§ Problem statement:
Leaving out the pictures, retype the lines from the beginning of the listing through the line containing "astianpesukone, Keraaminen keittotaso.".

[[ Data for this exercise, beginning ]]

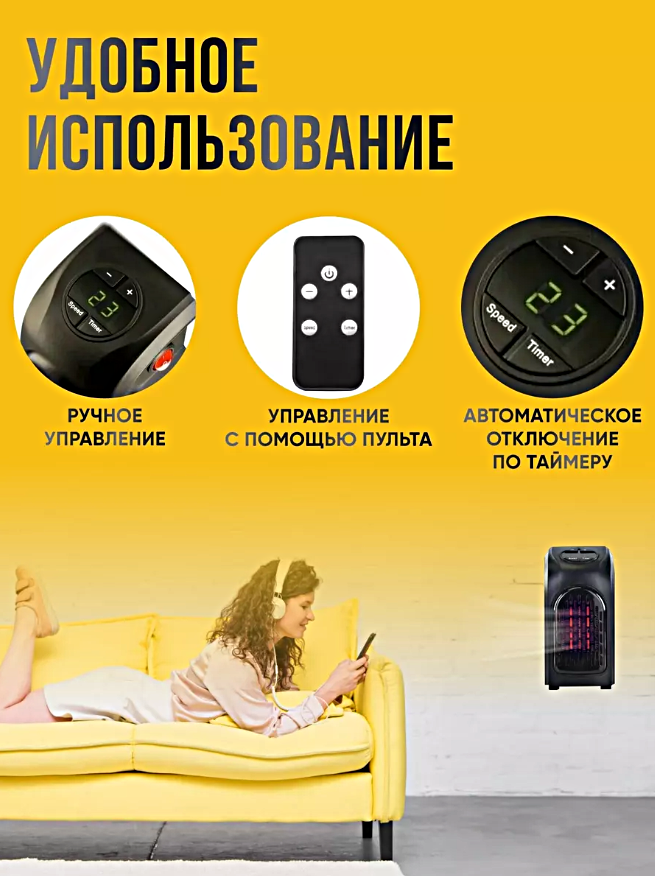 Отзывы на Обогреватель портативный HANDY, Портативный мини обогреватель в розетку, Пульт ДУ, Тепловентилятор 400Вт, Черный
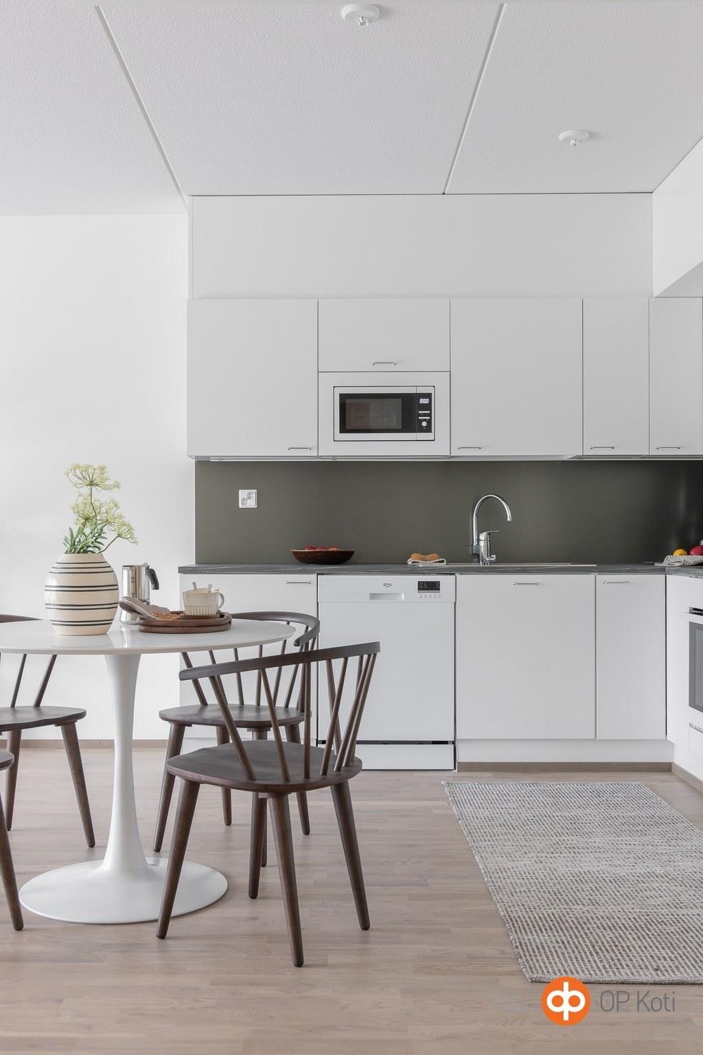 - Jääkaappi, pakastekaappi, erillisuuni, astianpesukone, Keraaminen keittotaso.
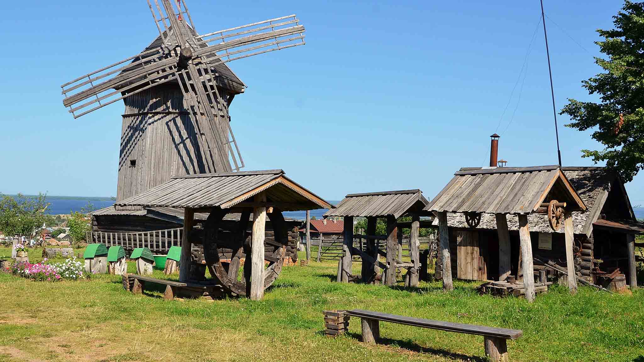 Нас в этом городке интересуют, прежде всего, местные памятники деревянного зодчества и Марийский этнографический музей. Он был создан относительно недавно – в 1983 году к 400-летию Козьмодемьянска, но успел стать настоящей визитной карточкой городка. На его огромной территории под открытым небом представлены: действующая деревянная шатровая красавица-мельница, жилая изба, амбар, кузница, бани (по-чёрному и по-белому), колодец-журавль, шалаш, высокие качели, плетёные заборы.
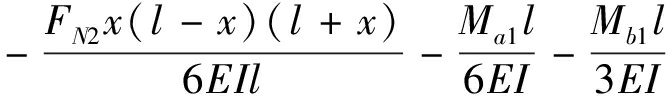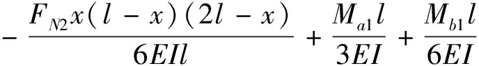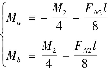 Ma1,Mb1分別為a端和b端的彎矩。聯(lián)立求解式(4)~式(6),得支點(diǎn)處的彎矩大小為:
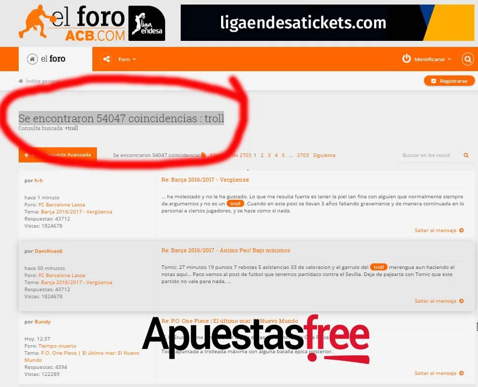El foro de la ACB alcanza ya los casi 29 ¡millones! de mensajes, con más de 400.000 mil temas y casi 157 mil usuarios totales. Unas cifras tan elevadas que se entiende que en un espacio así haya de todo: aficionados que buscan comentar y aprender más sobre su deporte favorito, y gente que se cree en posesión de la verdad, que entiende de basket más que nadie sobre la faz de la tierra y que, además, es maleducada, faltona y hasta violenta, que sólo busca con quien engancharse.
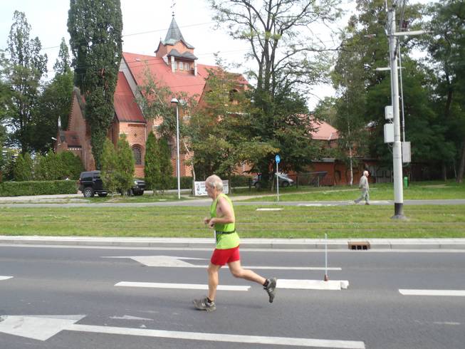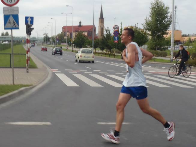 Kazimierza Wielkiego 11.15 Uhr / Km 25,1 Gibt fraglos hübschere Laufstile, aber so lange ich ins Ziel komme... Foto: |
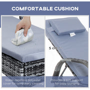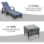 The rattan patio chaise lounge set from Outsunny comes complete with 2 loungers, 1 side table and cushions. The seat has 5 adjustable positions to give maximum relaxation and comfort. The side table also has a glass top to keep your drinks at easy reach, and the set can be used indoors and outdoors.
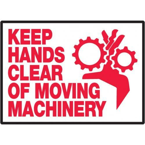 Accuform, LEQM519XVE, 3-1/2" x 5" Safety Label "Keep Hands Clear Of Moving Machinery" Adhesive Dura Vinyl
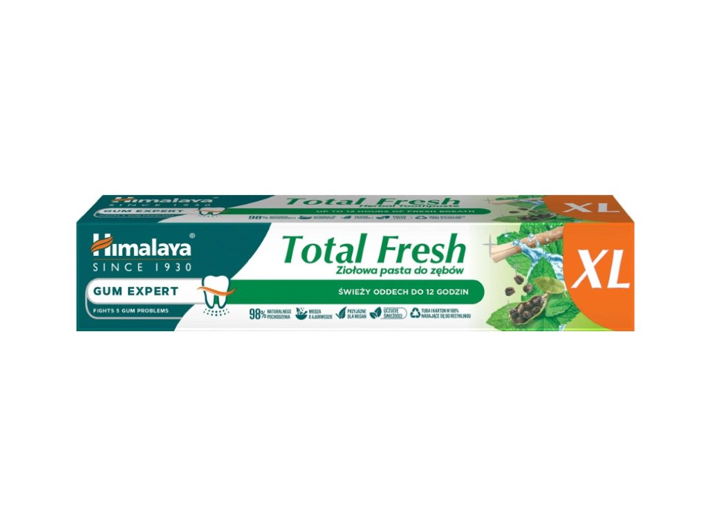 Zobna pasta Himalaya Herbals Gum Expert Total Fresh je 100 ml , zasnovana za celovito nego zob in dlesni . Zahvaljujoč vsebnosti naravnih zeliščnih izvlečkov pomaga čistiti zobe, odstranjevati zobne obloge in ščititi zobno sklenino , hkrati pa prispeva k negi dlesni in preprečevanju njihovega draženja. Pasta vsebuje sestavine z antibakterijskimi in pomirjujočimi učinki , ki spodbujajo občutek svežine v ustih in splošno ustno higieno. Himalaya Herbals Gum Expert Total Fresh je primerna za vsakodnevno uporabo in zagotavlja dolgotrajno svež dah . Izdelek je dermatološko in klinično testiran ter je primeren za odrasle in mladostnike.
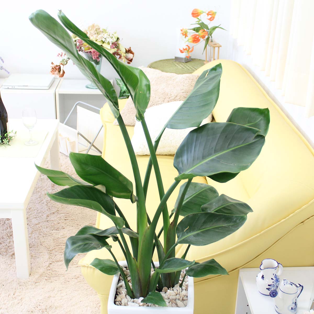 ストレリチア(ストレチア)・オーガスタ 9号+選べる陶器鉢 Zタイプ(高さ 約1〜1.2m)3株植え 土の表面:化粧石|観葉植物 ブルーミングスケープ

[[ Data for this exercise, end ]]

§ Answer to this exercise:
 Отзывы на Обогреватель портативный HANDY, Портативный мини обогреватель в розетку, Пульт ДУ, Тепловентилятор 400Вт, Черный
 - Jääkaappi, pakastekaappi, erillisuuni, astianpesukone, Keraaminen keittotaso.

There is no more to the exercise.